Alors Gabrielle se sentait seule. Seule et désemparée. L’idée qu’elle allait quitter Hossegor, l’en détachait déjà. Elle comprenait qu’elle avait animé ce paysage de son âme, et qu’éloignée, il continuerait à vivre, impassible et semblable. Elle sentait se rompre la divine communion qui l’avait unie à la nature bienfaisante ; elle eût voulu retenir cette terre, ces arbres, ces cieux dans ses mains, contre son cœur. Et déjà tout s’écoulait de la fantasmagorie radieuse. Elle savourait à plein cette amère, cette déprimante angoisse de l’abandon.

Ce fut bien pis quand Maurice, qui était déjà parti plusieurs fois pour Paris et revenu les dimanches, — deux nuits de chemin de fer, — quitta définitivement la Pierre Bleue, emmenant Pierre Duadic dans l’appartement qu’il avait arrêté et installé, avenue Henri-Martin. Une concession gentille à Gabrielle, et dans l’intérêt des enfans, cette proximité du Bois !

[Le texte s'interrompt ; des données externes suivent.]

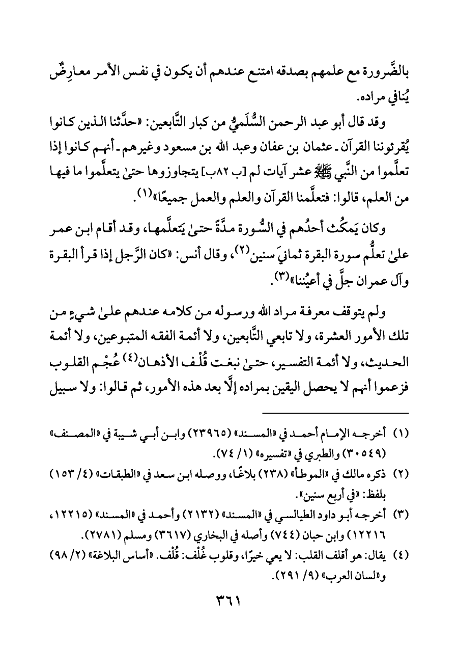 وقد قال أبو عبد الرحمن السُّلَميُّ من كبار التَّابعين: «حدَّثنا الذين كانوا يُقرئوننا القرآن ـ عثمان بن عفان وعبد الله بن مسعود وغيرهم ـ أنهم كانوا إذا تعلَّموا من النَّبي - صلى الله عليه وسلم - عشر آيات لم [ب ٨٢ ب] يتجاوزوها حتى يتعلَّموا ما فيها من العلم، قالوا: فتعلَّمنا القرآن والعلم والعمل جميعًا» (¬١).

Elle le suivit le surlendemain. Cruel départ, et qu’elle ne devait jamais oublier. Un soleil de fête, l’ironie de la beauté épandue sur tout ce qu’elle voyait. Les vieux Dopsent venus l’embrasser une dernière fois et serrer dans leurs bras Michel, Charlotte ravis de partir, — le changement, le nouveau ! — Loulou pensive et triste ; elle aurait voulu dire encore adieu à Poiluchon ! Les serviteurs se pressaient autour du break. Augustine essuyait ses yeux. La Patchicore, jupe et caraco noirs, souriait. Le vieil Hamburu au nom de tous, redressant sa taille voûtée, remit à Mme Dopsent un superbe bouquet : tous les parfums du jardin, tous leurs vœux humbles.

— Merci, mes amis, dit-elle d’une voix que l’émotion étouffait.